Levy further concluded there was no consistency in intonation among artists and even in the performances of a single artist. Arnold, Bel and myself were furious as we strongly believed that Hindustani music essentially followed the system of intonation as laid down two thousand years ago by Bharata and as reinterpreted by Paterson, Deval, Clements and Fox-Strangways (see Rao and van der Meer 2010 for a discussion of these theories). Briefly summarised this theory holds that Hindustani music used just intonation in which every semitone except sa and pa can have a high (pythagorean) position or a low (harmonic) position. In this theory, the minor whole tone (182 cents) is supposed to be a three shruti interval, while the major whole tone (204 cents) would be a four shruti interval.

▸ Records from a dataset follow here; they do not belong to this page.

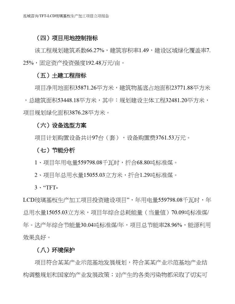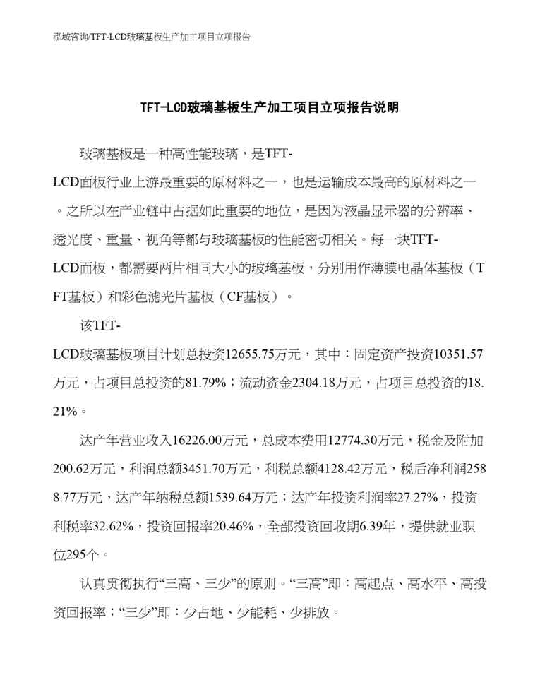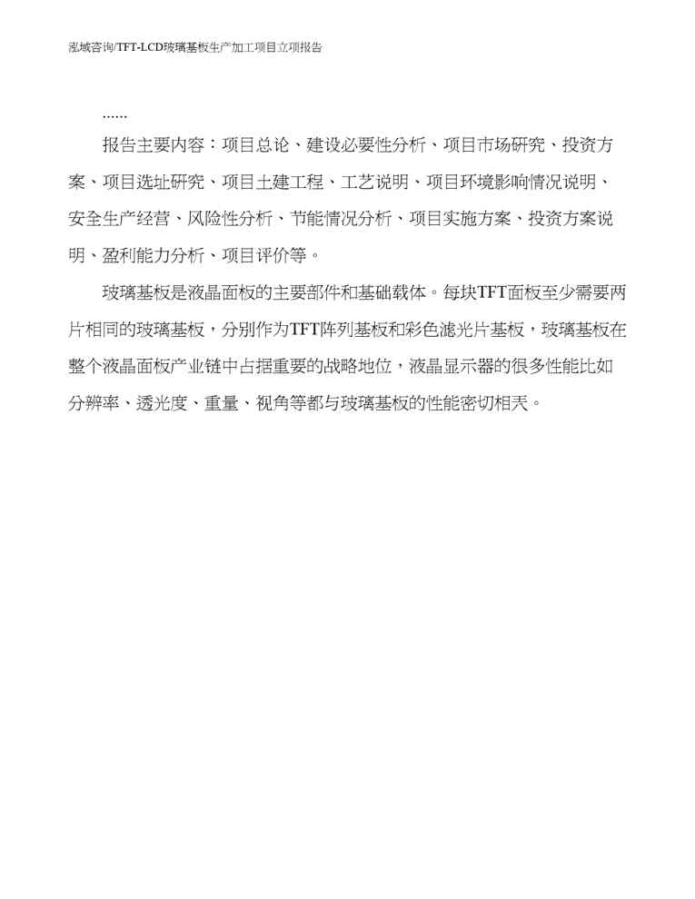 不久前,最新文档《TFT-LCD玻璃基板生产加工项目立项报告》全文正式在本站发布,感兴趣的用户可以下载阅读。 声明:本站所有文章,如无特殊说明或标注,均为本站原创发布。任何个人或组织,在未征得本站同意时,禁止复制、盗用、采集、发布本站内容到任何网站、书籍等各类媒体平台。如若本站内容侵犯了原著者的合法权益,可联系我们进行处理。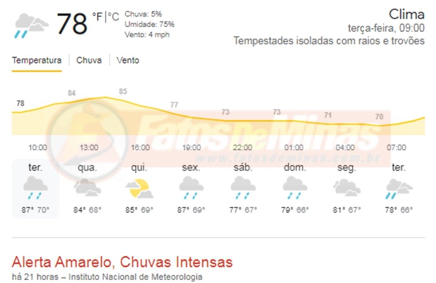MINAS GERAIS – Terça-feira, 19 de março de 2024, as condições meteorológicas são favoráveis ao tempo instável com ocorrência de pancadas de chuva típicas do verão em todas as regiões do estado de Minas Gerais. Tal situação meteorológica se deve especialmente pela combinação do calor e da alta umidade do ar. No decorrer da semana, a tendência é de chuva, por vezes fortes, em grande parte de MG, visto que uma frente fria avançará pelo litoral paulista.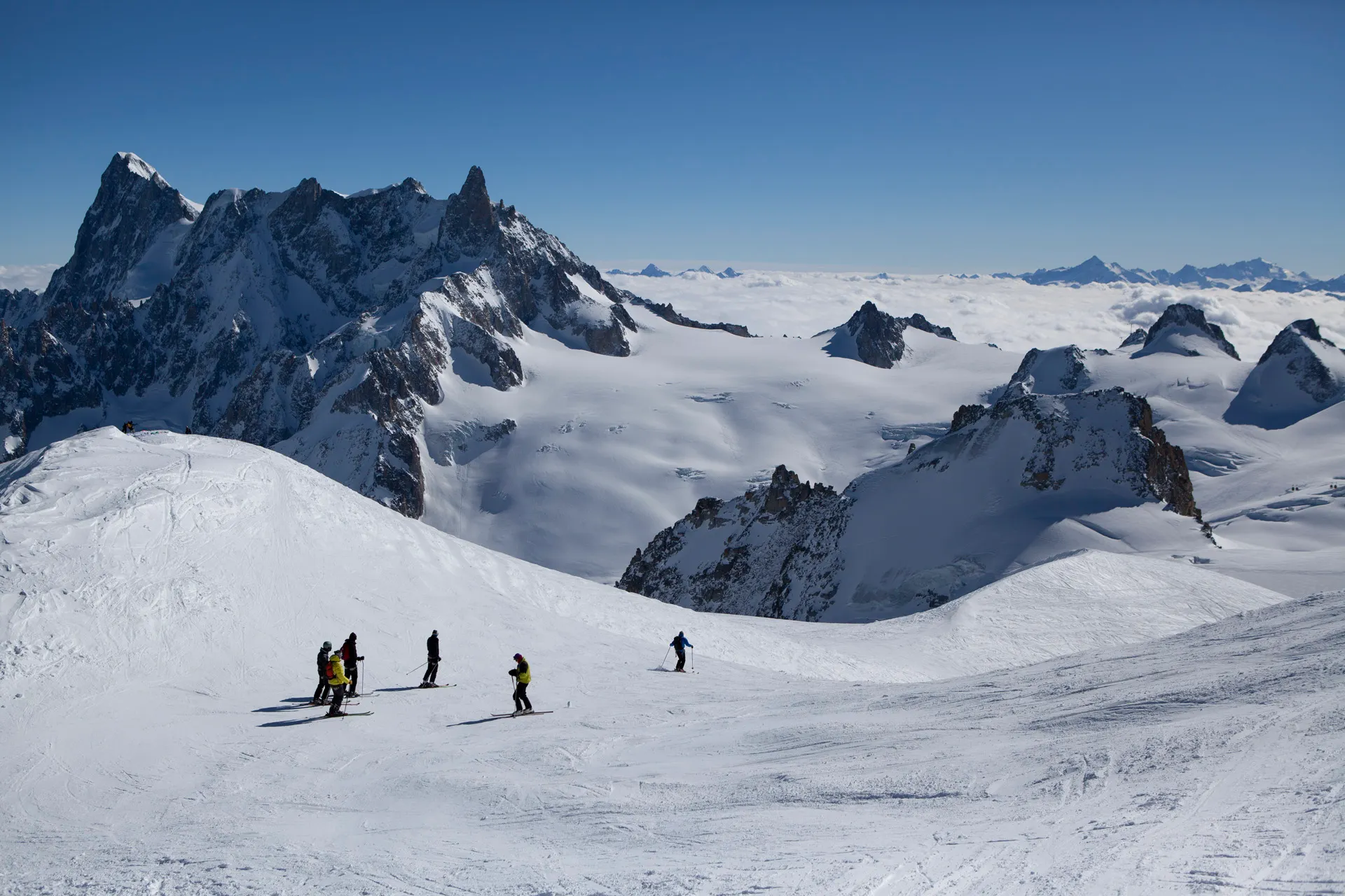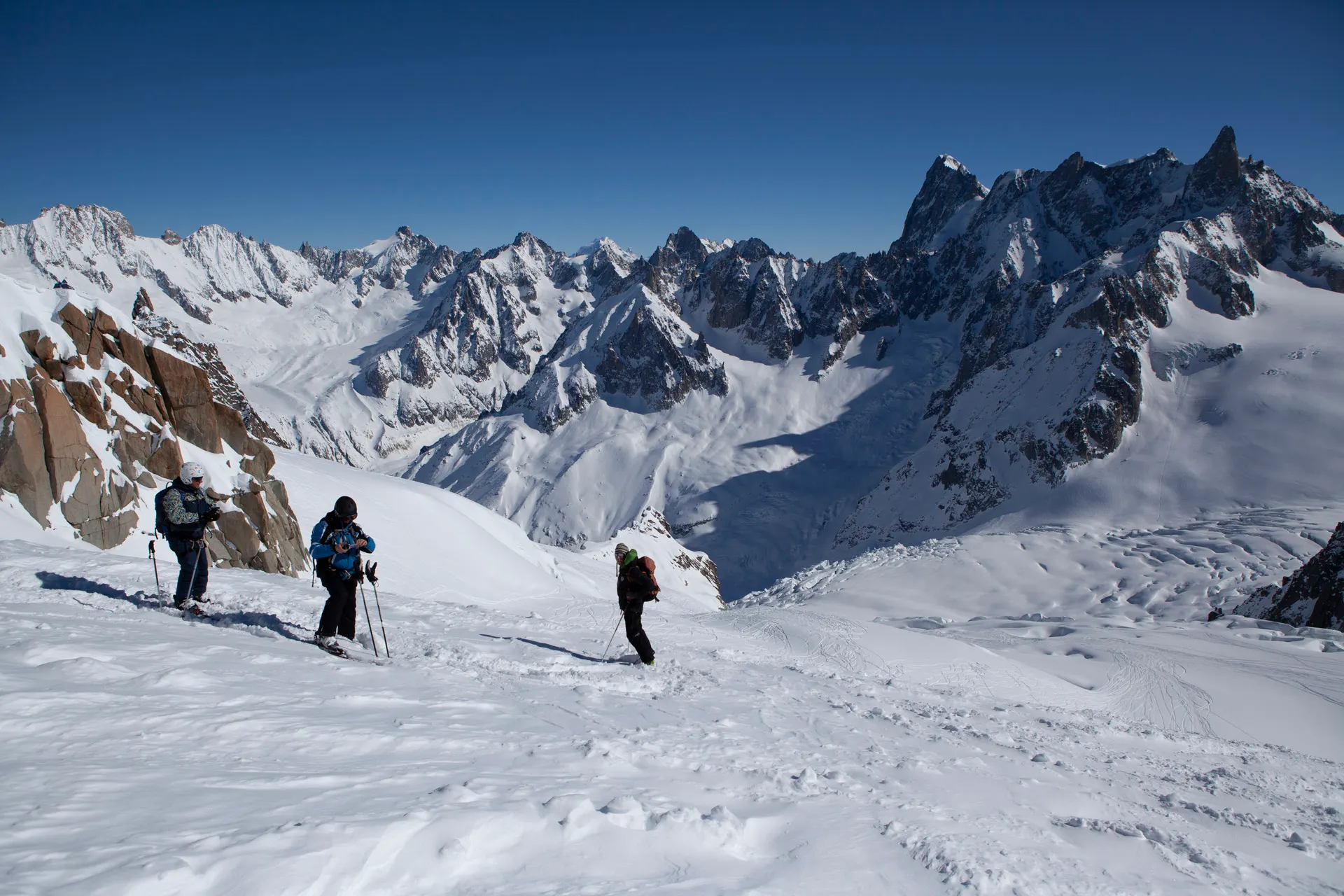 프랑스 샤모니와 스위스 베르비에르, 이탈이아의 몬테비안코가 보이는 발베니, 이탈리아 내륙의 유일한 4천m 이상 피크인 그랑빠리디(Grand Paradiso)까지 알프스의 핵심 지역을 스키로 넘나들게 됩니다.
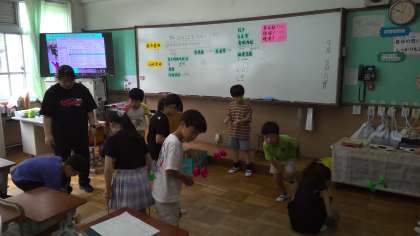 教頭先生が働いていた中国・上海のことや、中国の文化、食べ物、言葉について知ったり、クイズをしたり、中国の遊びを体験したりしました。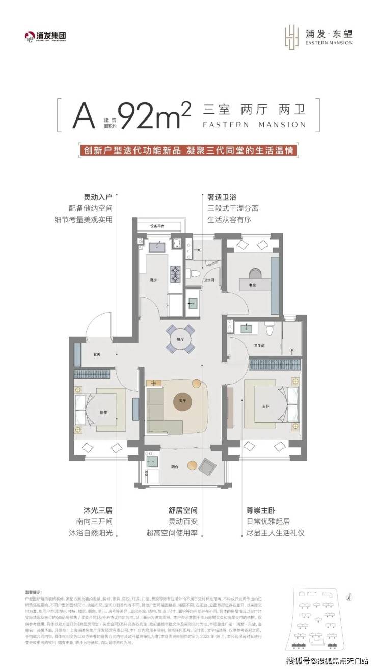 建面约92㎡3房产品市面上大多都是1卫的设计,但浦发东望为2卫的设计,实用性超高的同时,空间也较为宽绰。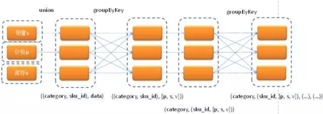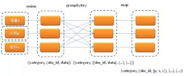 业务逻辑是这样的:我们有三张表分别是销量(s)、价格(p)、库存(v),每张表有3个字段:商品id(sku_id)、品类id(category)和历史时序数据(data),现在需要按sku_id将s、p、v数据合并,然后再按category再合并一次,最终的数据格式是:[category,[[sku_id, s , p, v], [sku_id, s , p, v], […],[…]]]。一开始我们先按照sku_id + category作为key进行一次groupByKey,将数据格式转换成[sku_id, category , [s,p, v]],然后按category作为key再groupByKey一次。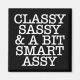 Girly-Girl-Graphics™ - Ímã de Classe, Sassy e Um Pouco Inteligente - Este texto simples, mas elegantemente lindo, com fonte de máquina de escrever branca, tipografia de citação engraçada em um design de fundo preto moderno e elegante, torna um presente de aniversário, formatura, casamento, Natal ou qualquer dia, único e hilário para os amigos e familiares que você ama. Muito obrigado pela sua compra. Direitos autorais (c) 2025 girly-girl-graphics™

The difference between these two (a comma of 22 cents) would then be the so-called pramana shruti (the basic shruti). Jairazbhoy & Stone and later Levy demonstrated with a number of examples that this theory was not tenable. Jairazbhoy concluded that intonation in Hindustani music was really closer to equal temperament (ET) than to the supposed interpretation of just intonation. The ISTAR team, to which I belonged, dismissed the findings of Jairazbhoy and Stone and of Levy. We considered the measurements inaccurate as they were done with methods that were – at least in our opinion – outdated. We also challenged the interpretations by Jairazbhoy’s disciple Levy. In particular, he had taken the pitch of the ga in Darbari to be the average of the oscillating movement, looking in particular at the jagged type of andol that undulates between ma and ga (as in Fig. 2). We argued that the oscillation is supposed to have its lowest point as the ‘intended’ pitch, not the average. Levy’s argument for using the average was that this had been shown to be the case of perceived pitch in vibrato. However, it can be demonstrated that this is only true for vibratoes with at least 5 oscillations per second, whereas the andol of Darbari has approximately 2 undulations per second or less. In such a case we actually perceive a rising and falling pitch, not an average.
In the following years I left the question of Darbari’s ga aside and dug into hundreds of performances to measure intonation in different ragas, in different performances and by different artists. The ISTAR team had criticised Jairazbhoy, Stone and Levy’s methods of measuring pitches, but our approach was also dubious. In the course of those years I studied theories of pitch perception and their implementation in pitch extraction software. I first started by developing PitchXtractor, based on algorithms used in Leiden and Amsterdam and implemented in the LVS software. I also used the LVS software itself to compare results. Later I started using PRAAT, which currently may be one of the best systems for pitch extraction.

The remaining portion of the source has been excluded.